I’ve been largely speechless and paralyzed, and that’s not how I want my kids to see me behave when the world is like this.
This week I came across a powerful article that lays out exactly how my family and I can be allies with minority communities. It calls for changing how you think, what you put up with, and who you make friends with. I may not be able to change police policy or systemic racism, but these are things I can do, and more importantly, I can teach my children to do.
Here are the points that really resonated with me.

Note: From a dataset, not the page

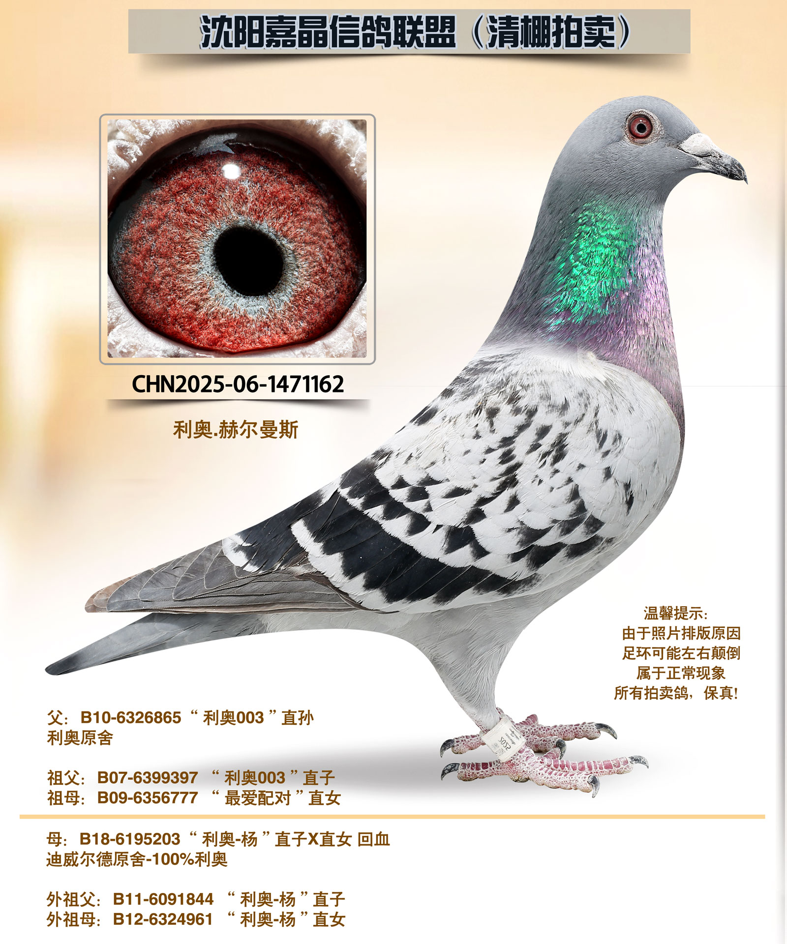 - 当前查看拍卖鸽:利奥“本舍黄金配对”子代
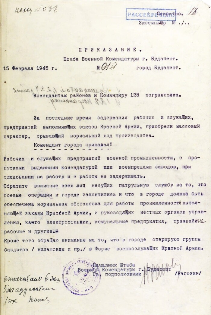 Order of the headquarters of the military commandant’s office in Budapest No. 019 on ensuring the conditions for the work of enterprises and local authorities, on the presence of bandits in the city of the Red Army in the city.Script.February 15, 1945

- Don’t put up with racist jokes. I am guilty of this: One day, at the playground, I heard a 3rd grader singing a song with the n-word in it. It was an old play on “Jingle Bells” that I recognized from my southern youth. I was appalled, but I put off responsibility for correcting him. I told myself he wasn’t my kid—what right did I have to say something? But my kids were there. They heard it. Other kids heard it. And what they saw was that no one said anything. That’s not what I want to teach my kids. I am going to think about how I can respond to these situations in the future so I’m not scrambling for a gentle but appropriate answer when I hear something hateful. Having a gentle response is important to me because it’s harder for others to listen, learn, or change if I’m not gentle.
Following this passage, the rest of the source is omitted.